→ **ASSIGNMENT**: What you return must match the records below exactly, apart from the omitted pictures.

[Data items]
● ● ● ●

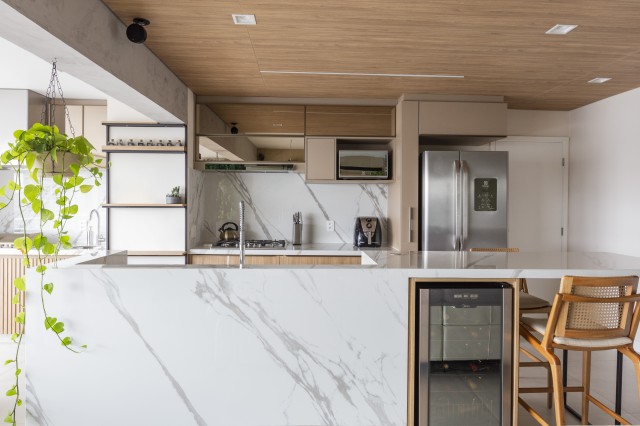 Quando todos os ambientes estão integrados, unidade é tudo. Nesta cozinha, as profissionais da Freijó Arquitetura apostaram no porcelanato para a bancada e o backsplash | Foto: Mariana Camargo |
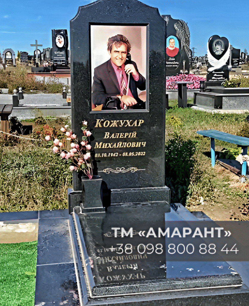 Пам’ятник гранітний АМАРАНТ, представлений на фото, поєднує у собі класичну форму та сучасні елементи оформлення. Він виготовлений із зносостійкого чорного габро – одного з найміцніших і найдовговічніших видів граніту, що широко застосовуються в меморіальній архітектурі. Основна прикраса пам’ятника – фотокераміка на склі з портретом на повний зріст, що передає індивідуальність людини, що пішла.
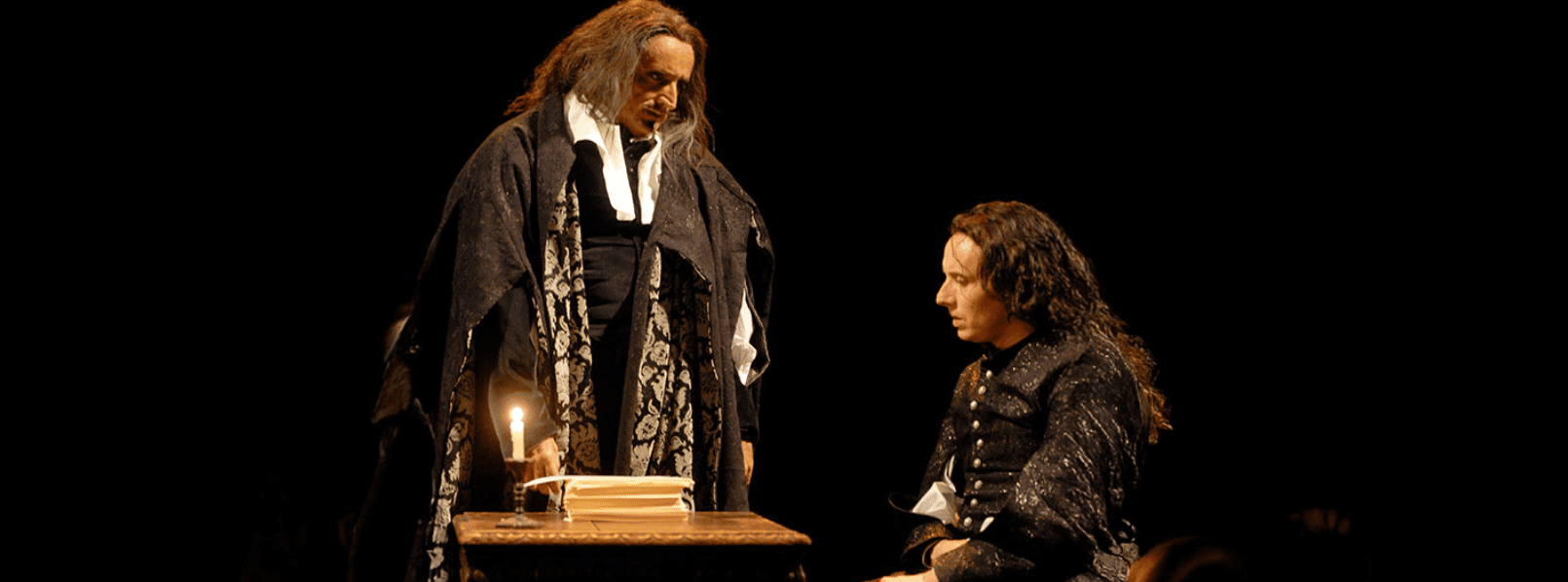 Le 24 septembre 1647, les deux philosophes les plus célèbres de leur temps se sont rencontrés à huis clos durant plusieurs heures, au couvent des Minimes à Paris. De cet entretien historique, rien n’a filtré, sinon une ou deux courtes notes jetées sur le papier par l’un et l’autre. Jean-Claude Brisville a imaginé librement la conversation qu’ont pu avoir ces deux hommes, à l’opposé l’un de l’autre, et qui se découvrent progressivement. Descartes, 51 ans, rationaliste, réaliste, pragmatique, grand voyageur, bon vivant. Pascal, 24 ans, mystique ardent, intransigeant, malade, tourmenté, exaltant la souffrance et la mort. Après Le Souper, Daniel Mesguich (Descartes) et William Mesguich (Pascal) ouvrent un nouveau duel. Une joute pleine d’esprit entre deux philosophes exceptionnels, deux hommes qui ont chacun une vision particulière du monde. Une rencontre qui éclaire avec intelligence et acuité notre histoire la plus contemporaine…
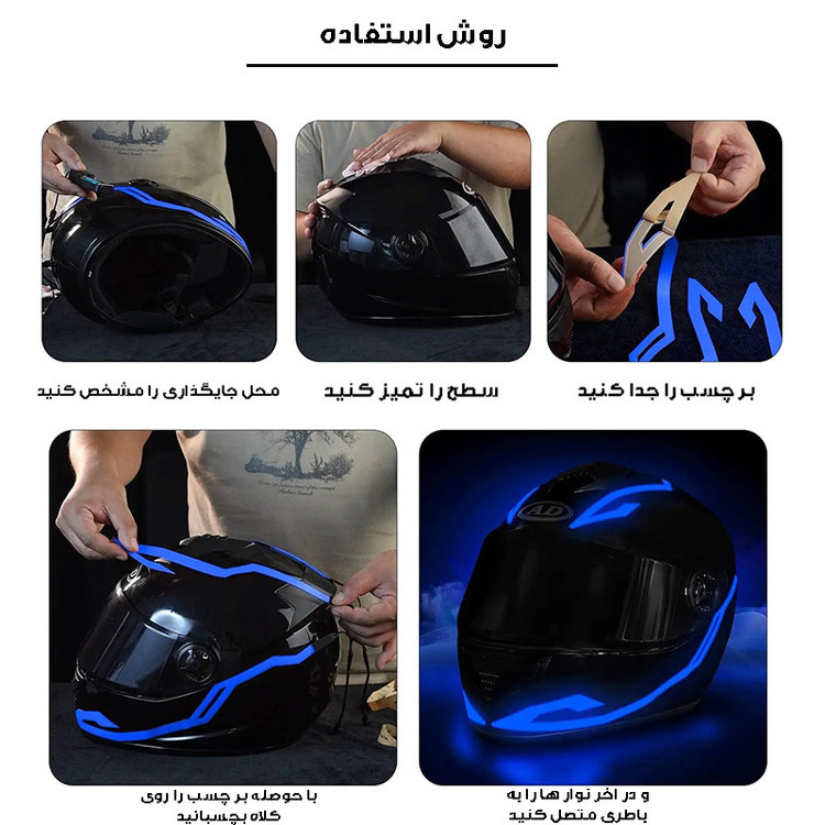 چراغ تزئینی کلاه کاسکت بر روی تمامی کلاه ها قابل نصب است و با باتری می توانید علاوه بر ایمنی ، زیبایی خاصی را به کلاه کاسکت خود بدهید.
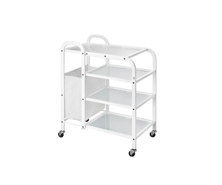 Pomocnik kosmetyczny Weelko Mobile z czterema półkami, na kółkach, jest idealny do przechowywania różnych narzędzi kosmetycznych, kosmetyków czy innego sprzętu w salonie. Pomocnik posiada podręczny materiałowy kosz na ręczniki który jest zdejmowany i nadaje się do prania ręcznego. Kółka i uchwyt zapewniają łatwe przemieszczanie pomocnika.
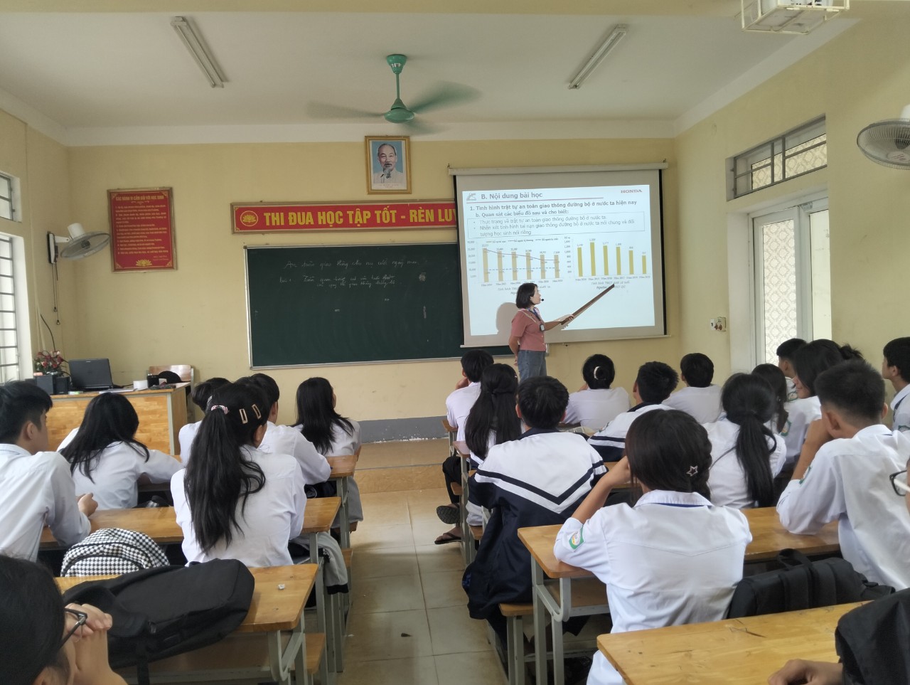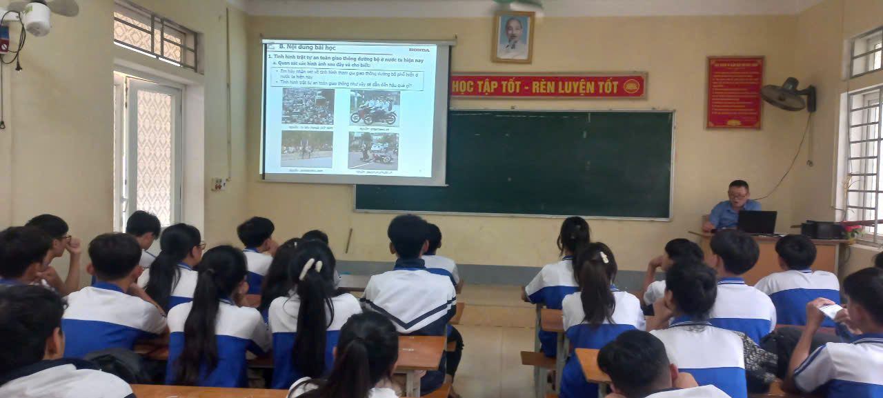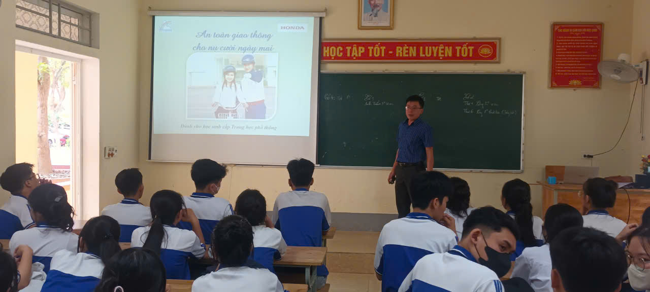 Sáng ngày 12 tháng 10 năm 2024 Ban ATGT nhà trường đã tổ chức triển khai giảng dạy tài liệu giáo dục "An toàn giao thông cho nụ cười ngày mai" dành cho học sinh cấp THPT, năm học 2024-2025 cho 36 lớp với chủ đề: Tầm quan trọng của việc tuân thủ các quy tắc giao thông đường bộ.
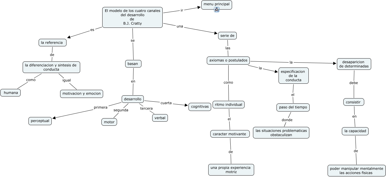 Este Cmap, tiene información relacionada con: Copia de septimo mapa, especificacion de la conducta el paso del tiempo, axiomas o postulados como ritmo individual, El modelo de los cuatro canales del desarrollo de B.J. Cratty ir menu principal, paso del tiempo donde las situaciones problematicas obstaculizan, desarrollo cuarta cognitivas, la referencia de la diferenciacion y sintesis de conducta, la capacidad de poder manipular mentalmente las acciones fisicas, la diferenciacion y sintesis de conducta como humana, la diferenciacion y sintesis de conducta igual motivacion y emocion, axiomas o postulados la desaparicion de determinadas, serie de las axiomas o postulados, basan en desarrollo, desarrollo segunda motor, El modelo de los cuatro canales del desarrollo de B.J. Cratty se basan, ritmo individual el caracter motivante, caracter motivante de una propia experiencia motriz, El modelo de los cuatro canales del desarrollo de B.J. Cratty es la referencia, axiomas o postulados la especificacion de la conducta, desaparicion de determinadas debe consistir, consistir en la capacidad
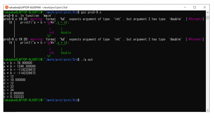 - A1:例題3-9の18,19行目は,あえてデータ型が異なる(間違っている)ときのprintf関数の動作をチェックするためのものです.
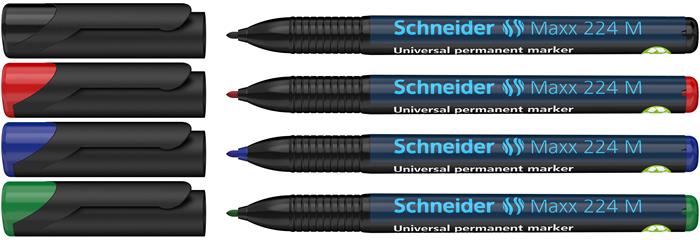 Permanentný popisovač, sada, OHP, 1 mm, SCHNEIDER "Maxx 224 M", 4 rôzne farby
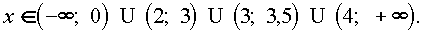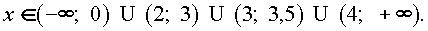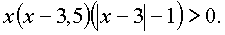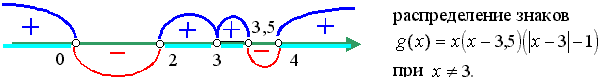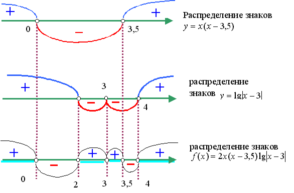 f(x) = 2x(x - 3,5)lg| x - 3| непрерывна при x № 3 и обращается в ноль в точках x1 = 0, x2 = 3,5, x3 = 2, x4 = 4. Таким образом (см. примеры использования метода интервалов в начале параграфа), определяем интервалы знакопостоянства функции f(x):|
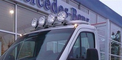 Stylish front roof bar made of aluminum, model-adapted to Mercedes-Benz Sprinter H1 with single cab. Perfect for those who need, for example, work lights, extra lights or warning lights for your car! The surface treatment is natural anodized, for a silver matte finish.
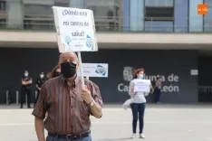 Un grupo de vecinos de la Prosperidad se concentraba esta mañana frente a la Delegación Territorial de la Junta de Castilla y León para reivindicar la ?construcción de nuestro necesario centro de salud?.
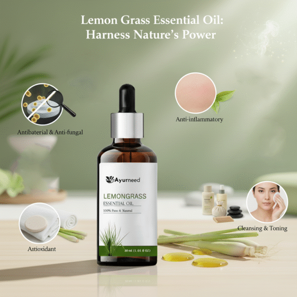 Antioxidant: Rich in antioxidants, lemongrass oil helps in fighting free radicals and promotes healthy skin.

● ● ● ●

→ **YOUR SOLUTION**:
 Quando todos os ambientes estão integrados, unidade é tudo. Nesta cozinha, as profissionais da Freijó Arquitetura apostaram no porcelanato para a bancada e o backsplash | Foto: Mariana Camargo |
 Пам’ятник гранітний АМАРАНТ, представлений на фото, поєднує у собі класичну форму та сучасні елементи оформлення. Він виготовлений із зносостійкого чорного габро – одного з найміцніших і найдовговічніших видів граніту, що широко застосовуються в меморіальній архітектурі. Основна прикраса пам’ятника – фотокераміка на склі з портретом на повний зріст, що передає індивідуальність людини, що пішла.
 Le 24 septembre 1647, les deux philosophes les plus célèbres de leur temps se sont rencontrés à huis clos durant plusieurs heures, au couvent des Minimes à Paris. De cet entretien historique, rien n’a filtré, sinon une ou deux courtes notes jetées sur le papier par l’un et l’autre. Jean-Claude Brisville a imaginé librement la conversation qu’ont pu avoir ces deux hommes, à l’opposé l’un de l’autre, et qui se découvrent progressivement. Descartes, 51 ans, rationaliste, réaliste, pragmatique, grand voyageur, bon vivant. Pascal, 24 ans, mystique ardent, intransigeant, malade, tourmenté, exaltant la souffrance et la mort. Après Le Souper, Daniel Mesguich (Descartes) et William Mesguich (Pascal) ouvrent un nouveau duel. Une joute pleine d’esprit entre deux philosophes exceptionnels, deux hommes qui ont chacun une vision particulière du monde. Une rencontre qui éclaire avec intelligence et acuité notre histoire la plus contemporaine…
 چراغ تزئینی کلاه کاسکت بر روی تمامی کلاه ها قابل نصب است و با باتری می توانید علاوه بر ایمنی ، زیبایی خاصی را به کلاه کاسکت خود بدهید.
 Pomocnik kosmetyczny Weelko Mobile z czterema półkami, na kółkach, jest idealny do przechowywania różnych narzędzi kosmetycznych, kosmetyków czy innego sprzętu w salonie. Pomocnik posiada podręczny materiałowy kosz na ręczniki który jest zdejmowany i nadaje się do prania ręcznego. Kółka i uchwyt zapewniają łatwe przemieszczanie pomocnika.
 Sáng ngày 12 tháng 10 năm 2024 Ban ATGT nhà trường đã tổ chức triển khai giảng dạy tài liệu giáo dục "An toàn giao thông cho nụ cười ngày mai" dành cho học sinh cấp THPT, năm học 2024-2025 cho 36 lớp với chủ đề: Tầm quan trọng của việc tuân thủ các quy tắc giao thông đường bộ.
 Este Cmap, tiene información relacionada con: Copia de septimo mapa, especificacion de la conducta el paso del tiempo, axiomas o postulados como ritmo individual, El modelo de los cuatro canales del desarrollo de B.J. Cratty ir menu principal, paso del tiempo donde las situaciones problematicas obstaculizan, desarrollo cuarta cognitivas, la referencia de la diferenciacion y sintesis de conducta, la capacidad de poder manipular mentalmente las acciones fisicas, la diferenciacion y sintesis de conducta como humana, la diferenciacion y sintesis de conducta igual motivacion y emocion, axiomas o postulados la desaparicion de determinadas, serie de las axiomas o postulados, basan en desarrollo, desarrollo segunda motor, El modelo de los cuatro canales del desarrollo de B.J. Cratty se basan, ritmo individual el caracter motivante, caracter motivante de una propia experiencia motriz, El modelo de los cuatro canales del desarrollo de B.J. Cratty es la referencia, axiomas o postulados la especificacion de la conducta, desaparicion de determinadas debe consistir, consistir en la capacidad
 - A1:例題3-9の18,19行目は,あえてデータ型が異なる(間違っている)ときのprintf関数の動作をチェックするためのものです.
 Permanentný popisovač, sada, OHP, 1 mm, SCHNEIDER "Maxx 224 M", 4 rôzne farby
 f(x) = 2x(x - 3,5)lg| x - 3| непрерывна при x № 3 и обращается в ноль в точках x1 = 0, x2 = 3,5, x3 = 2, x4 = 4. Таким образом (см. примеры использования метода интервалов в начале параграфа), определяем интервалы знакопостоянства функции f(x):|
 Stylish front roof bar made of aluminum, model-adapted to Mercedes-Benz Sprinter H1 with single cab. Perfect for those who need, for example, work lights, extra lights or warning lights for your car! The surface treatment is natural anodized, for a silver matte finish.
 Un grupo de vecinos de la Prosperidad se concentraba esta mañana frente a la Delegación Territorial de la Junta de Castilla y León para reivindicar la ?construcción de nuestro necesario centro de salud?.
 Antioxidant: Rich in antioxidants, lemongrass oil helps in fighting free radicals and promotes healthy skin.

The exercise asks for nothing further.